Nevertheless, the artist understood that he needed to grow somewhere, to look for new ways for his creativity. He tries his hand at a ceremonial portrait, looking for new lighting and color solutions, suffocating, at the same time, under the burden of constant orders. Rushing to provide for his family as best as possible and realizing that his strength was running out, Kramskoy rushed between time-consuming creative searches and quick execution of work, which sometimes did not lead to the best results. The artist, who enjoyed great respect and even honor, took these failures seriously.

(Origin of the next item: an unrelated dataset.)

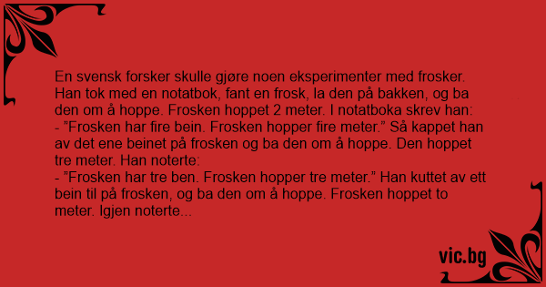 En svensk forsker skulle gjøre noen eksperimenter med frosker. Han tok med en notatbok, fant en frosk, la den på bakken, og ba den om å hoppe. Frosken hoppet 2 meter. I notatboka skrev han:

The demands that life itself placed on art have changed, and therefore art system had to change. In 1883, at the MUZHVIZ, the young artist K. A. Korovin, a student of A. K. Savrasov and V. D. Polenov, wrote the sketch “Chorus Girl,” using an unusual motif and very bold painting techniques. Even Polenov, familiar with the work of the French impressionists, was amazed by this bold experiment of the artist, deciding that he was far ahead of his time. However, soon Korovin’s close friend, V. A. Serov, would write his “Girl with Peaches” (1887), turning the portrait of twelve-year-old Vera, the daughter of the famous Moscow industrialist S. I. Mamontov, into a radiant image of youth.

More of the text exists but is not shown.